#### [Dataset entries]
-- -- --
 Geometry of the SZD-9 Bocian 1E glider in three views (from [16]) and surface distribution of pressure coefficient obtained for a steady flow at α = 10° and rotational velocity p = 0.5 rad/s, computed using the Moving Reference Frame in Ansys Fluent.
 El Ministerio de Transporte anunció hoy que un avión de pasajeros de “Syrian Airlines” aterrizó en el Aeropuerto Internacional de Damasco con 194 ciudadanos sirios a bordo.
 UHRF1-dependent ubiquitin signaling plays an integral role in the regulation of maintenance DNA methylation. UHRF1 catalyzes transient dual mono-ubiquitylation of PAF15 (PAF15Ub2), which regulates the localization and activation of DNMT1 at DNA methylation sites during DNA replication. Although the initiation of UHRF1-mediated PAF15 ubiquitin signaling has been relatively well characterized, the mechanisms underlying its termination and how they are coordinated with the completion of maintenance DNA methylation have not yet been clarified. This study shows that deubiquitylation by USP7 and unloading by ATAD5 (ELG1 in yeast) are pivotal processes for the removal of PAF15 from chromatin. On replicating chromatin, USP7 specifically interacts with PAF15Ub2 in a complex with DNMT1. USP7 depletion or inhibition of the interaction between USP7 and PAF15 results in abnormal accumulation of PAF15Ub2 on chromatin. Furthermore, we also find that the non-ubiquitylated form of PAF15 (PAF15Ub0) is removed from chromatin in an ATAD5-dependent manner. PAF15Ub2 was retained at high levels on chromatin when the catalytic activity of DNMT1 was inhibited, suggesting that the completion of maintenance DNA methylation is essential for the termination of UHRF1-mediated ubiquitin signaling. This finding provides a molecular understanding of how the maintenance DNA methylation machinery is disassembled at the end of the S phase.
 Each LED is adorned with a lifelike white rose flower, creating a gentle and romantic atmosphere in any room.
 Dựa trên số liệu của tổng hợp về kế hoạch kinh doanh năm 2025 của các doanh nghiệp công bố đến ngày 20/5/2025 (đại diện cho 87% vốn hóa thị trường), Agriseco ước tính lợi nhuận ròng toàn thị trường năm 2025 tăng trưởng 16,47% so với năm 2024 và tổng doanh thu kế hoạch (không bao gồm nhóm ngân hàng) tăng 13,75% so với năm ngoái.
-- -- --
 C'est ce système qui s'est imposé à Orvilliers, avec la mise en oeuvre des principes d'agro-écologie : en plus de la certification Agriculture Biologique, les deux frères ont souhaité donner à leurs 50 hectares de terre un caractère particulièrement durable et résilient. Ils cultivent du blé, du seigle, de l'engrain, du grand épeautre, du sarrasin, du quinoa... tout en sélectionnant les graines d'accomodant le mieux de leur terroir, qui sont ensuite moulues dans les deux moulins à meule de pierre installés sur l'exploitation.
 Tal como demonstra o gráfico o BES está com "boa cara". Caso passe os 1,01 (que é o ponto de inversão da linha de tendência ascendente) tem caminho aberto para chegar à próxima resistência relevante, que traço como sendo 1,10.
-- -- --
Filter the data down to the lines that contain the string "with", and copy them.

#### [Response to the task]
 UHRF1-dependent ubiquitin signaling plays an integral role in the regulation of maintenance DNA methylation. UHRF1 catalyzes transient dual mono-ubiquitylation of PAF15 (PAF15Ub2), which regulates the localization and activation of DNMT1 at DNA methylation sites during DNA replication. Although the initiation of UHRF1-mediated PAF15 ubiquitin signaling has been relatively well characterized, the mechanisms underlying its termination and how they are coordinated with the completion of maintenance DNA methylation have not yet been clarified. This study shows that deubiquitylation by USP7 and unloading by ATAD5 (ELG1 in yeast) are pivotal processes for the removal of PAF15 from chromatin. On replicating chromatin, USP7 specifically interacts with PAF15Ub2 in a complex with DNMT1. USP7 depletion or inhibition of the interaction between USP7 and PAF15 results in abnormal accumulation of PAF15Ub2 on chromatin. Furthermore, we also find that the non-ubiquitylated form of PAF15 (PAF15Ub0) is removed from chromatin in an ATAD5-dependent manner. PAF15Ub2 was retained at high levels on chromatin when the catalytic activity of DNMT1 was inhibited, suggesting that the completion of maintenance DNA methylation is essential for the termination of UHRF1-mediated ubiquitin signaling. This finding provides a molecular understanding of how the maintenance DNA methylation machinery is disassembled at the end of the S phase.
 Each LED is adorned with a lifelike white rose flower, creating a gentle and romantic atmosphere in any room.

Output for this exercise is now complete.